* [Task material]
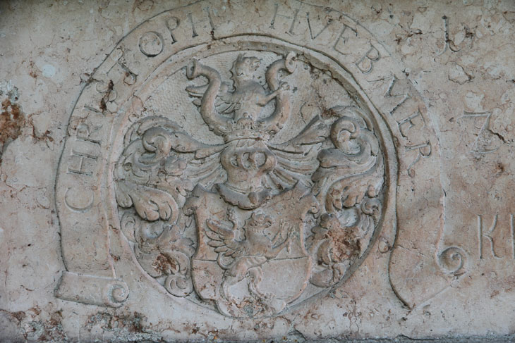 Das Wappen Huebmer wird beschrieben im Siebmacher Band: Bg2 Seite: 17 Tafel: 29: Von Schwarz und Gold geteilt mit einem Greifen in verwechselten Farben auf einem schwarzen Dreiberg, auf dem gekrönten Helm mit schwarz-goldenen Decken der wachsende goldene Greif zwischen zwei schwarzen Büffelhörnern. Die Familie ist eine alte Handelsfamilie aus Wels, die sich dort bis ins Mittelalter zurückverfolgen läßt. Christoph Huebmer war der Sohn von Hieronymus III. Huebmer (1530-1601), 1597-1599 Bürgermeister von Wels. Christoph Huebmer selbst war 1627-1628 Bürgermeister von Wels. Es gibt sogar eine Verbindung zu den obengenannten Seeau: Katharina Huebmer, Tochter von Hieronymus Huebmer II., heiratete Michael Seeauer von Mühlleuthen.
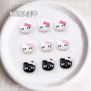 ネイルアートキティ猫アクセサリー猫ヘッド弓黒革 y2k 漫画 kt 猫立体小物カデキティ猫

==

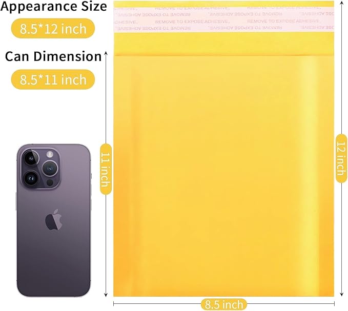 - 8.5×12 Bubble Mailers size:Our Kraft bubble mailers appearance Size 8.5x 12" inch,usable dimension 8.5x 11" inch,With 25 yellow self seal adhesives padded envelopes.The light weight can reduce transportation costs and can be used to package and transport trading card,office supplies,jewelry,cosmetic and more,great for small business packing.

---

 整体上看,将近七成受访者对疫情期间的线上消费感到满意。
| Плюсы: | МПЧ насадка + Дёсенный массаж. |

* [Problem description] What you return must match the lines above from the one with "Das Wappen Huebmer" through the one with "ネイルアートキティ猫アクセサリー猫ヘッド弓黒革 y2k 漫画" exactly, with both ends included and the pictures excluded.

* [Exercise result]
 Das Wappen Huebmer wird beschrieben im Siebmacher Band: Bg2 Seite: 17 Tafel: 29: Von Schwarz und Gold geteilt mit einem Greifen in verwechselten Farben auf einem schwarzen Dreiberg, auf dem gekrönten Helm mit schwarz-goldenen Decken der wachsende goldene Greif zwischen zwei schwarzen Büffelhörnern. Die Familie ist eine alte Handelsfamilie aus Wels, die sich dort bis ins Mittelalter zurückverfolgen läßt. Christoph Huebmer war der Sohn von Hieronymus III. Huebmer (1530-1601), 1597-1599 Bürgermeister von Wels. Christoph Huebmer selbst war 1627-1628 Bürgermeister von Wels. Es gibt sogar eine Verbindung zu den obengenannten Seeau: Katharina Huebmer, Tochter von Hieronymus Huebmer II., heiratete Michael Seeauer von Mühlleuthen.
 ネイルアートキティ猫アクセサリー猫ヘッド弓黒革 y2k 漫画 kt 猫立体小物カデキティ猫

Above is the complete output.